This slaw is pretty basic, but it has a nice twist with the addition of the cilantro, lime, and cashews. The original called for slices of red onion, but I am using green onions instead.
This easily becomes a complete meal for 2 people with the addition of cooked shrimp, chicken, pork, or tofu cubes. If you don't have time to slice cabbage and shred the carrot, pre-packaged coleslaw mix works very well.
Thai Slaw
Makes 4 servings, about 1 to 1-1/4 cups each
- 2-1/2 cups shredded cabbage
- 1/2 large red bell pepper, cut into thin strips
- 1 medium carrot, shredded
- 1/4 cup salted cashews, coarsely chopped
- 2 green onions, thinly sliced
- 1-1/2 Tbs chopped cilantro
- 1 medium lime
- 3 Tbs fat free mayonnaise
- Combine the first 6 ingredients in a large bowl.

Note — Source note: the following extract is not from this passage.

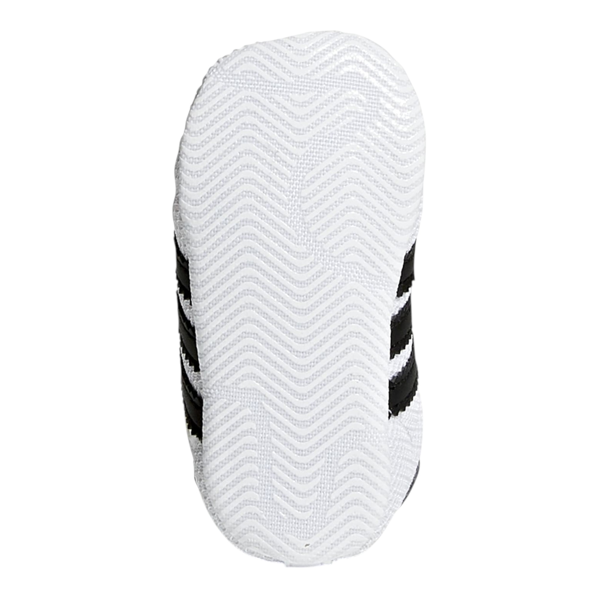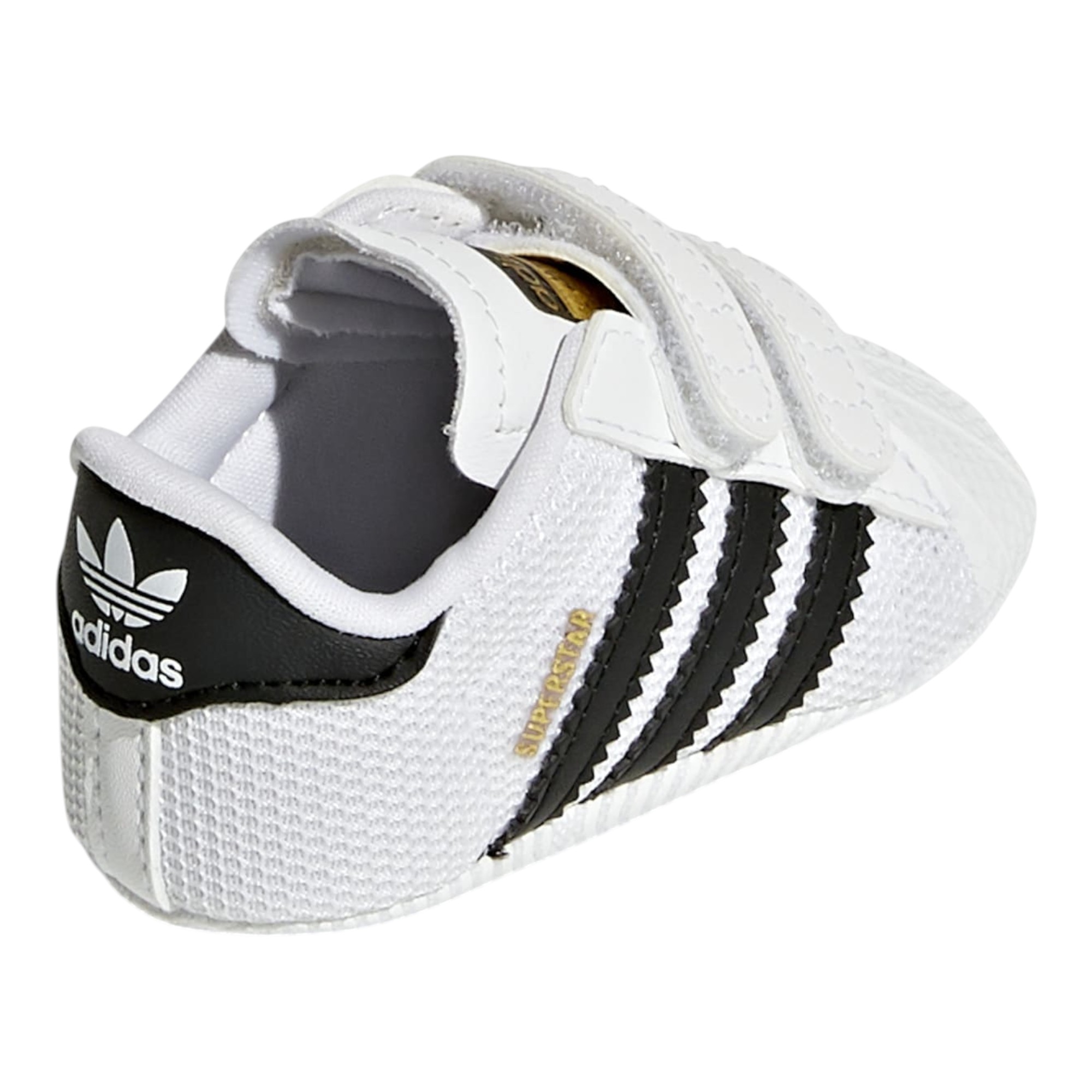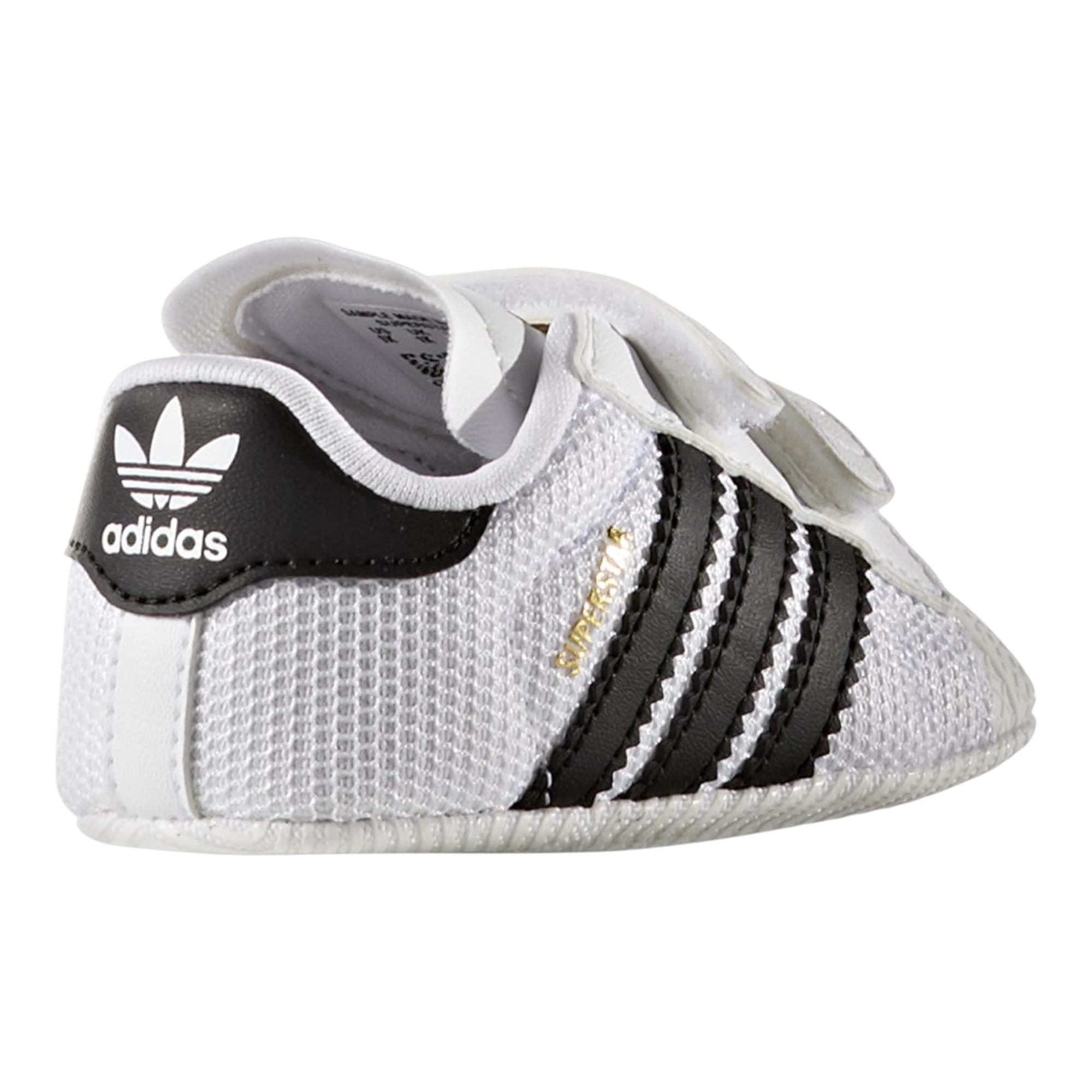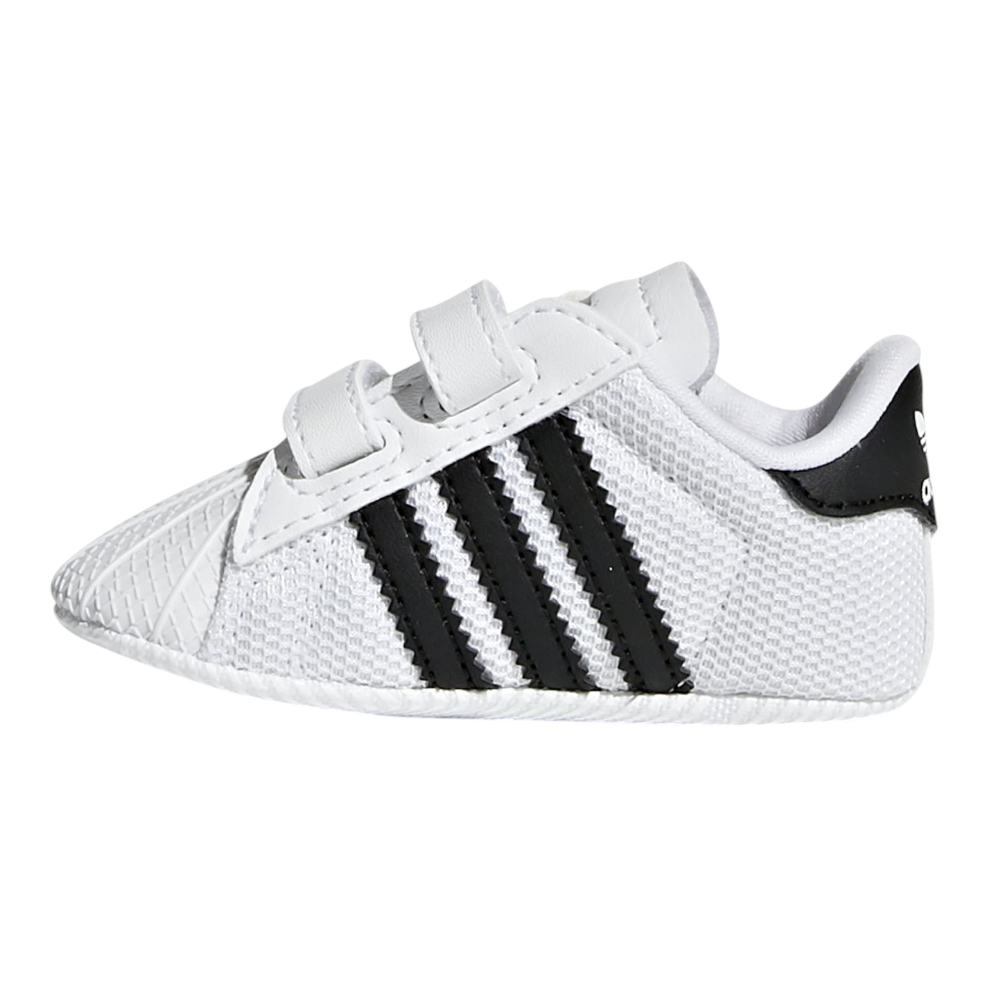 Queste scarpe sono realizzate per i più piccoli e rappresentano una versione in miniatura delle trainer adidas Superstar, iconica punta a conchiglia compresa. La tomaia in pelle morbida e flessibile avvolge i piedini e i dettagli iridescenti riflettono la luce. Le chiusure a strappo garantiscono la massima praticità.

- Mix the llime juice, lime zest, and mayonnaise together in a small bowl.
- Add the dressing to the cabbage mixture and toss to coat.
Per serving, if serving 4.
Weight Watchers P+ = 2.
Calories 87; Protein 3g; Carbohydrate 11g; Fat 4g; Fibre 3g.
Per serving, if serving 2.
Weight Watchers P+ = 5.
Calories 173; Protein 5g; Carbohydrate 22g; Fat 8g; Fibre 5g.